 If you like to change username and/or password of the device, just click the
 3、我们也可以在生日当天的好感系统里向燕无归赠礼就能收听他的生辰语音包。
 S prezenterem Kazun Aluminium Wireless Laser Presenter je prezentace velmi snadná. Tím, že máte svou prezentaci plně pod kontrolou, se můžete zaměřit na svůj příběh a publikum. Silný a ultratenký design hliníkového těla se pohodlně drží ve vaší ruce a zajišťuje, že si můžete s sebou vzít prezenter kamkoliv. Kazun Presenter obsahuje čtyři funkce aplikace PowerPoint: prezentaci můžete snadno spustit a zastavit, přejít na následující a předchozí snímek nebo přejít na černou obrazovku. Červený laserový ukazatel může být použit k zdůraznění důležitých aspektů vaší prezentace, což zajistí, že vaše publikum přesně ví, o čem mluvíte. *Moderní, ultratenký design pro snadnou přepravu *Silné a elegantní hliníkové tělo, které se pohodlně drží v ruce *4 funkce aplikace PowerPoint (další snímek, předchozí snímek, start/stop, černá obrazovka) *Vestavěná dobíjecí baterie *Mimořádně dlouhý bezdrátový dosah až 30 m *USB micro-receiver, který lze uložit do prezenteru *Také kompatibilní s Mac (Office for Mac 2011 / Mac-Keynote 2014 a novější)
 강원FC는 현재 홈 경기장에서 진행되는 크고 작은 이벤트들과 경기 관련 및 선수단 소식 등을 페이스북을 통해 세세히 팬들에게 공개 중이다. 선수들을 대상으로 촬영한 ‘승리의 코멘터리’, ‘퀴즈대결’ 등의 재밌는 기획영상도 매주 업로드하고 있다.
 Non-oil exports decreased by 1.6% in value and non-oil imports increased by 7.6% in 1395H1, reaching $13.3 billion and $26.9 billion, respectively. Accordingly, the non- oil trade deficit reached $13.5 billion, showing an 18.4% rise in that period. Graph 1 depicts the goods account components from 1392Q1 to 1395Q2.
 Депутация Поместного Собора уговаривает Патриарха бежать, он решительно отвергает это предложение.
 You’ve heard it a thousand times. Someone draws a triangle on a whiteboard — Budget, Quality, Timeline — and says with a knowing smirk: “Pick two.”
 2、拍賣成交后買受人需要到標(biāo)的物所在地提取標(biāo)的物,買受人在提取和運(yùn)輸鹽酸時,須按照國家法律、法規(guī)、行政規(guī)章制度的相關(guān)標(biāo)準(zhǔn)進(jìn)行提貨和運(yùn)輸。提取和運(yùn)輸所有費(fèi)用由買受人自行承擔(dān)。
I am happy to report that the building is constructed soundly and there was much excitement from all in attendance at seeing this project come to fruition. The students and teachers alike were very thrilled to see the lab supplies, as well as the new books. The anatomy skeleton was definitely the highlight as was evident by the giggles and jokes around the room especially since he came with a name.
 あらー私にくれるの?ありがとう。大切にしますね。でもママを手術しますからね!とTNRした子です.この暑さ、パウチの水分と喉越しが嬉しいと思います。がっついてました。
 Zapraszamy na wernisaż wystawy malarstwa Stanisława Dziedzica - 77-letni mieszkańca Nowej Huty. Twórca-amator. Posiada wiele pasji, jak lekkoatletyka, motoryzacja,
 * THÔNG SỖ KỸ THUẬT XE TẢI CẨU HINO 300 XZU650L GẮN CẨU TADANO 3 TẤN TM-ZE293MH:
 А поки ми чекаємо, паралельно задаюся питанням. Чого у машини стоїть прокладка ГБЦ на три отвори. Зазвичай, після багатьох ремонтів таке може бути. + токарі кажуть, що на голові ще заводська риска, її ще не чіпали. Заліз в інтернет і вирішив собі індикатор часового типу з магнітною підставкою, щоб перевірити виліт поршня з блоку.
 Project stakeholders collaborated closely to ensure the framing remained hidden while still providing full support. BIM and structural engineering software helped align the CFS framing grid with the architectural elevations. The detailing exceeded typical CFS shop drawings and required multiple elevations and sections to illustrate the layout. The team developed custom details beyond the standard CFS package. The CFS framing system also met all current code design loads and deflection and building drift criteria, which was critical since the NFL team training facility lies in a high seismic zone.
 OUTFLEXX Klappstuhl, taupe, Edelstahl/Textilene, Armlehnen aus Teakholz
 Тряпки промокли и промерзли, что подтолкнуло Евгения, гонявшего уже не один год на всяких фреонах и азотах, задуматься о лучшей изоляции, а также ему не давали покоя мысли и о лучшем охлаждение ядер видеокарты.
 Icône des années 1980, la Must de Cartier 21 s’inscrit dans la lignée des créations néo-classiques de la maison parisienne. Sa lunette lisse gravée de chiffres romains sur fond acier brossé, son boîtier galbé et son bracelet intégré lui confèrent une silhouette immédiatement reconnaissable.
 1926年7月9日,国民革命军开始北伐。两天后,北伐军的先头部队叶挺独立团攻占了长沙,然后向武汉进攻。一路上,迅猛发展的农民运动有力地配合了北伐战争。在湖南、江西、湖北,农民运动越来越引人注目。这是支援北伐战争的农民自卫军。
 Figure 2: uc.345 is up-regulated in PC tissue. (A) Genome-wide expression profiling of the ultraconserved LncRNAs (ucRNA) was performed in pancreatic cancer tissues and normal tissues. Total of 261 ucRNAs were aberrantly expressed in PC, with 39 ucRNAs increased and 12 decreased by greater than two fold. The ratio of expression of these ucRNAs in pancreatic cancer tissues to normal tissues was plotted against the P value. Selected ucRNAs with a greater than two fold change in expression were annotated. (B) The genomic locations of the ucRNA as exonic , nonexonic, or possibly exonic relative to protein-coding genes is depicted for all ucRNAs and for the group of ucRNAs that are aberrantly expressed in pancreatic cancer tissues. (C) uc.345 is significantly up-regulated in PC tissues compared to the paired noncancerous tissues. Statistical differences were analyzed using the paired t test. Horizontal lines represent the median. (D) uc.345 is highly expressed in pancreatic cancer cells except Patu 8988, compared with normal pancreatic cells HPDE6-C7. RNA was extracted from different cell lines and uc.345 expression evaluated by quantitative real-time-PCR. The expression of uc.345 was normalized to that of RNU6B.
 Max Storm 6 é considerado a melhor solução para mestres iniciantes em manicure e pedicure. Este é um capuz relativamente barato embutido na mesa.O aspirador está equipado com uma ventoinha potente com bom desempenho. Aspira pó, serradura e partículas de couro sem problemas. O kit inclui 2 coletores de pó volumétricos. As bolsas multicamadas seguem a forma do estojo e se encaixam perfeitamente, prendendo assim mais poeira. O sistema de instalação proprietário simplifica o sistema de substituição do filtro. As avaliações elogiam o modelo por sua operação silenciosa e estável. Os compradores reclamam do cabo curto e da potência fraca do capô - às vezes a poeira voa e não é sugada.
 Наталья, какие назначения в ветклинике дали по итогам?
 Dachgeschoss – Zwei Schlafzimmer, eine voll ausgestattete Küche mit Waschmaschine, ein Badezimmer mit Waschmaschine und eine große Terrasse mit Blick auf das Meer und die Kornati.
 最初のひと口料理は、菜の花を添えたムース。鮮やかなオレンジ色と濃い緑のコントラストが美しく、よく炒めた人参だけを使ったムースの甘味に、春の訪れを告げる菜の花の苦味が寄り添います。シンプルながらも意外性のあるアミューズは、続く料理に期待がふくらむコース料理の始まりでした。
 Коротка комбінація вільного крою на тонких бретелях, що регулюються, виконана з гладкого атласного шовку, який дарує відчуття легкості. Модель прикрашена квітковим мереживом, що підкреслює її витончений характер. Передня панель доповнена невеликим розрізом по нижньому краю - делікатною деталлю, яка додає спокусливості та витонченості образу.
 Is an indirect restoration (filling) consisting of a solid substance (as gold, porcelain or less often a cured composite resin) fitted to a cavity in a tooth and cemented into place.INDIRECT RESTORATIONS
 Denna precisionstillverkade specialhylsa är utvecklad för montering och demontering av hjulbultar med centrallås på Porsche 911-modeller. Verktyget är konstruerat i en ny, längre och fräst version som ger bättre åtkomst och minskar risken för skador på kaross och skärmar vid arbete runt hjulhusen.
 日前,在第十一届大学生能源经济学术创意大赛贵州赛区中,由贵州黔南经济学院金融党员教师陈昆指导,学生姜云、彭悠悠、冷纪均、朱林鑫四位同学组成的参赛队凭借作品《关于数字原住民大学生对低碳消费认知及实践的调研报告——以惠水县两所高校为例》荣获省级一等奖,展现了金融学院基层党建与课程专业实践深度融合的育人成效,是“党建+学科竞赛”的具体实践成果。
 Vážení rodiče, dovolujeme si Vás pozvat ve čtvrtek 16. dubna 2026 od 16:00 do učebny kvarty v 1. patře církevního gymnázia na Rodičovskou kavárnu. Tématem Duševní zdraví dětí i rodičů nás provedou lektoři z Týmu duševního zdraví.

-*-

- [EXERCISE DESCRIPTION] Scan the records above for the lines holding "А поки ми чекаємо, паралельно" and "Icône des années". Transcribe those two and every line between them word for word, and no others.

- [ANSWER TO THIS EXERCISE]
 А поки ми чекаємо, паралельно задаюся питанням. Чого у машини стоїть прокладка ГБЦ на три отвори. Зазвичай, після багатьох ремонтів таке може бути. + токарі кажуть, що на голові ще заводська риска, її ще не чіпали. Заліз в інтернет і вирішив собі індикатор часового типу з магнітною підставкою, щоб перевірити виліт поршня з блоку.
 Project stakeholders collaborated closely to ensure the framing remained hidden while still providing full support. BIM and structural engineering software helped align the CFS framing grid with the architectural elevations. The detailing exceeded typical CFS shop drawings and required multiple elevations and sections to illustrate the layout. The team developed custom details beyond the standard CFS package. The CFS framing system also met all current code design loads and deflection and building drift criteria, which was critical since the NFL team training facility lies in a high seismic zone.
 OUTFLEXX Klappstuhl, taupe, Edelstahl/Textilene, Armlehnen aus Teakholz
 Тряпки промокли и промерзли, что подтолкнуло Евгения, гонявшего уже не один год на всяких фреонах и азотах, задуматься о лучшей изоляции, а также ему не давали покоя мысли и о лучшем охлаждение ядер видеокарты.
 Icône des années 1980, la Must de Cartier 21 s’inscrit dans la lignée des créations néo-classiques de la maison parisienne. Sa lunette lisse gravée de chiffres romains sur fond acier brossé, son boîtier galbé et son bracelet intégré lui confèrent une silhouette immédiatement reconnaissable.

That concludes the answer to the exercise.